STATE OF NEBRASKA, APPELLEE, V. CHARMAYNE R. STRONG, APPELLANT.
No. S-24-296
Nebraska Supreme Court
February 28, 2025
318 Neb. 525
N.W.3d ___
- Statutes: Appeal and Error. Statutory interpretation presents a question of law that an appellate court resolves independently of the trial court.
- Statutes. It is not within the province of the courts to read meaning into a statute that is not there or to read anything direct and plain out of a statute.
- Blood, Breath, and Urine Tests: Search Warrants.
Neb. Rev. Stat. § 60-6,197(3) (Reissue 2021) criminalizes the refusal to submit to a chemical blood test when the blood test is sought pursuant to a search warrant.

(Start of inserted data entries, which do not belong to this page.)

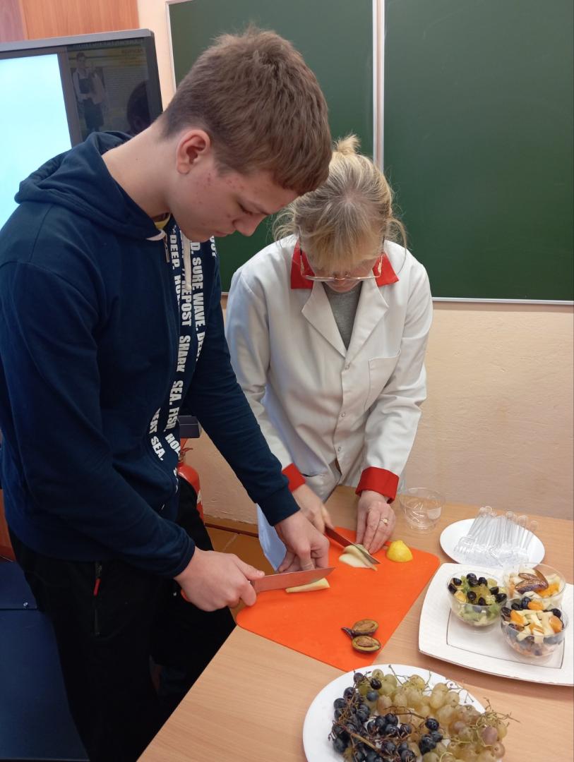 В рамках профориентационного проекта «Колледж. Моя будущая профессия» 29 ноября для учащихся школ состоялась презентация профессии "Повар": был проведен мастер класс по приготовлению простых блюд. Под руководством опытных мастеров ребята ловко нарезали фрукты для фруктовых салатов, проявляли фантазию при приготовлении канапе. Не обошлось без дегустации: было по особенному вкусно.
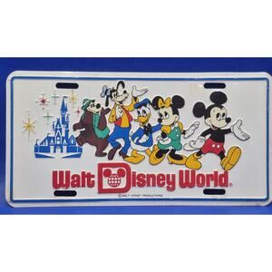 Vintage Walt Disney World Castle Mickey & Friends Metal License Plate 12x6"
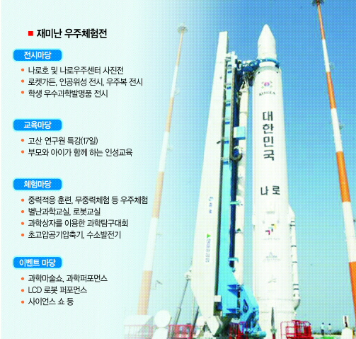 이어 오전 11시에는 고산 한국항공우주연구원 소속 연구원의 ‘우주연구원의 과학길라잡이 특강’이 이어져 우주와 과학에 관심있는 학생들에게 꿈과 희망의 메시지를 전달한다. 특히 오는 30일 나로호(대한민국 최초 우주발사체)의 성공적 발사를 기원하는 ‘나로호 및 나로우주센터 특별전’도 열려 더욱 의미있는 교육축제가 될 것이다. 체험전은 전시마당, 체험마당, 교육마당, 이벤트 마당으로 구성해 자칫 딱딱해지기 쉬운 교육과 과학을 흥미와 재미로 풀어내게 된다.
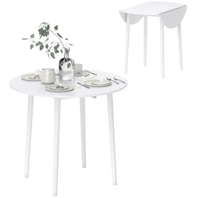 ManoManoGeneral description The HOMCOM Folding Dining Table is a modern and space-saving solution for small kitchens and dining rooms. With its round drop leaf design, it comfortably accommodates up to four people, making it perfect for family meals or gatherings. Other information
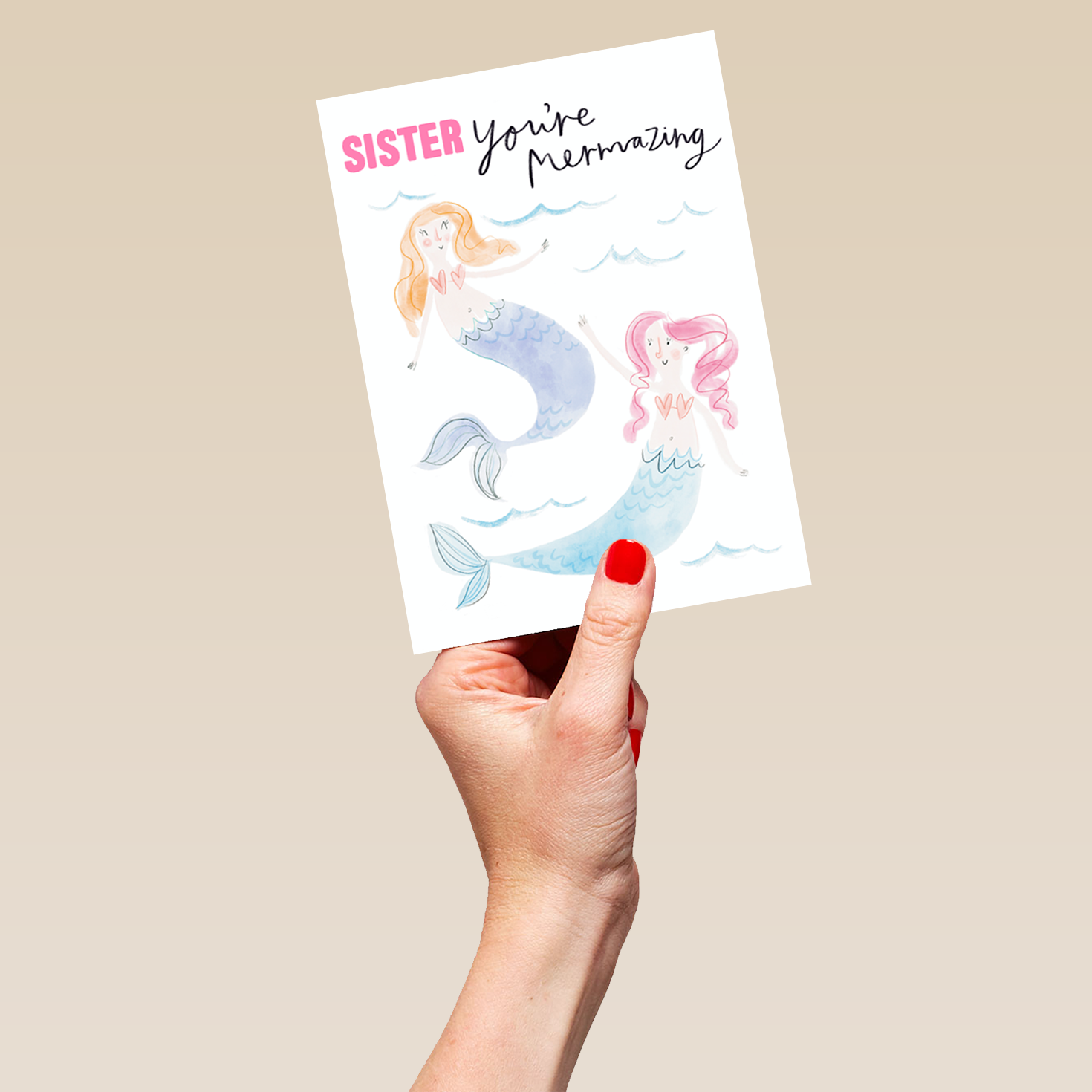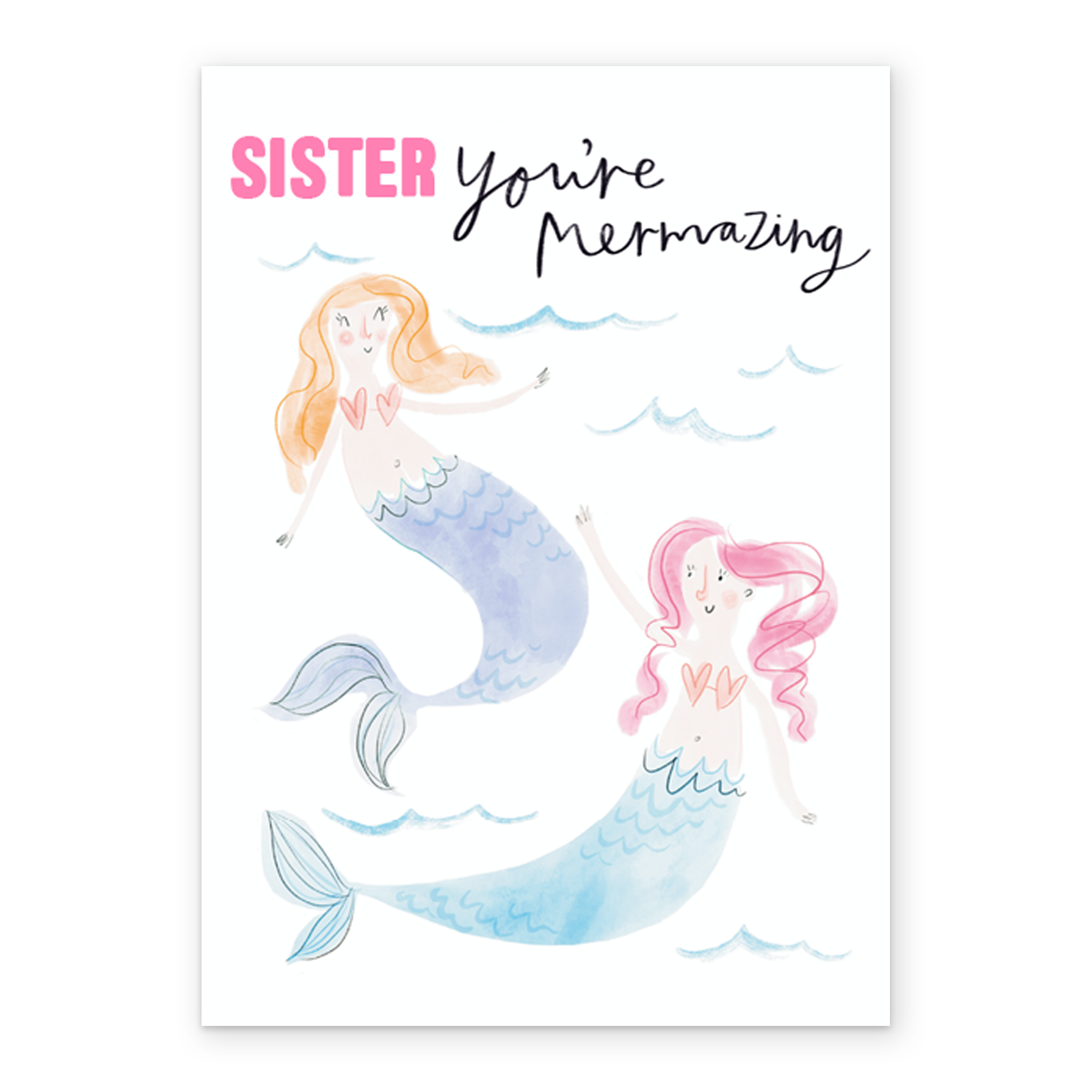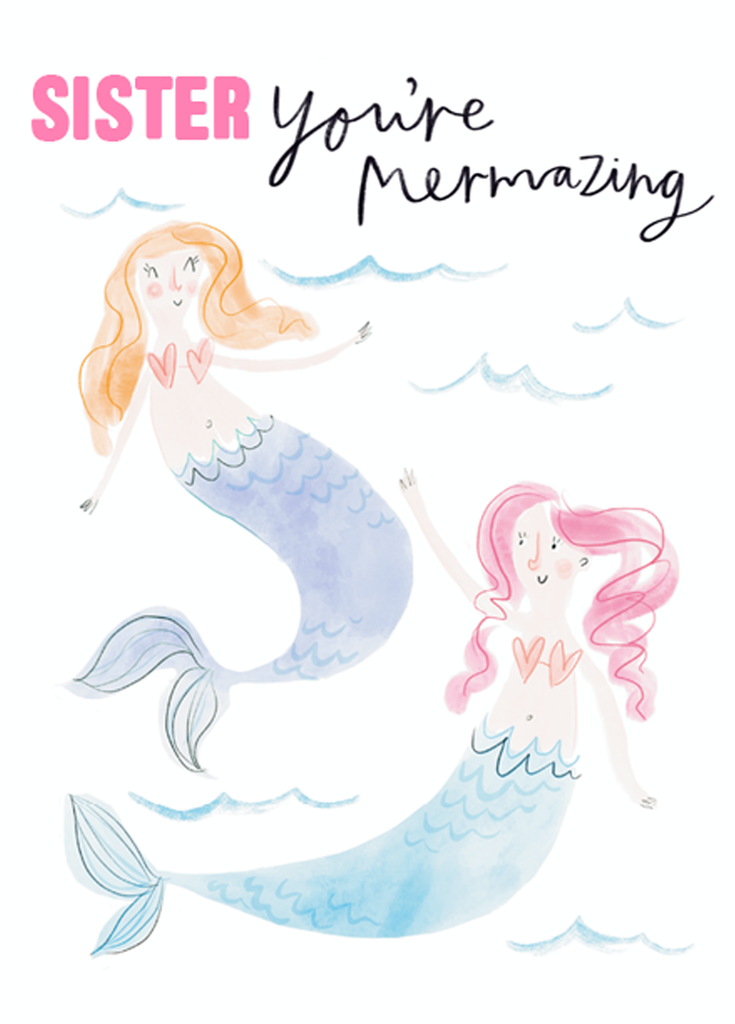 Show them you care with a personalised amazing mermaid sister card from Hallmark. Our birthday cards are printed on premium quality, FSC®-certified card & delivered nationwide. This card is available as standard 12cm by 16.7cm and large 15.5cm by 21.6cm.

Appeal from the District Court for Sheridan County, TRAVIS P. O‘GORMAN, Judge, on appeal thereto from the County Court for Sheridan County, PAUL G. WESS, Judge. Judgment of District Court affirmed.
Bell Island, of Island Law Office, P.C., L.L.O., for appellant.
Michael T. Hilgers, Attorney General, and Nathan A. Liss for appellee.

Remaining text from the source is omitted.